"Or if you want, I can send it straight to your mom."

    "Thanks but she, um, doesn't have a computer either."

    Suzy rolled her eyes. "Where's she live?"

    "Um, Toronto."

    Jack could tell he'd pulled that one out of the air.

    She laughed. "Toronto! I've been there! I love Toronto! It's like another country."

    A few heartbeats of silence, then Bobble said, "Oooooookay. We'll be going now, Suze. Don't forget to send that picture to my man, here."

    "Right. See you here for the Belmont party? Or are you going out to the track?"

    "I'm here, Suze."

    She gave him a thumbs-up.

    "Wow," Bobble said as they hit the street. "Another country? She knows all that techie stuff but doesn't know Toronto's in Michigan? I mean, people are so stupid these days."

    Jack let it go.

    "So why do we want a photo of you and this gal Laurie?"

    Bobble grinned. "Because guess who's in the background, staring straight at the camera?"

    "Our man Hughie?"

    "None other."

    Things were looking up.

    "Neat," Jack said. "Old Hughie got Zaprudered."

    Bobble said, "Zapwha?"

    "Never mind."

9

    Hideo knocked on the door a third time.

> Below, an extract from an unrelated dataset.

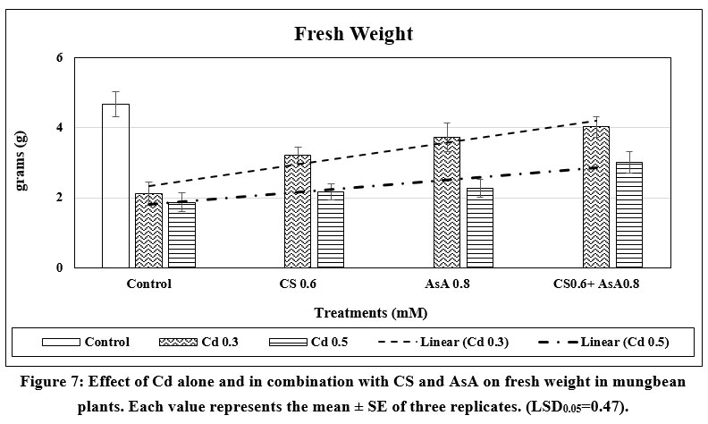 Figure 7: Effect of Cd alone and in combination with CS and AsA on fresh weight in mungbean plants. Each value represents the mean ± SE of three replicates. (LSD0.05=0.47). |

It needed painting. In fact, the whole apartment building needed a makeover. He shook off the thought. His need for orderliness sometimes distracted him from the matter at hand.

    And what mattered here was getting past this door.

    He heard movement on the other side. The three yakuza flanked the doorframe, out of range of the peephole. Though dressed in suits and ties, they looked anything but respectable. Yakuza… the word meant "good for nothing," and that quality shone through. Each might as well have had another tattoo on the forehead announcing "hoodlum."

    But Hideo had no idea what he'd run into on the far side of the door, and so was glad to have them along.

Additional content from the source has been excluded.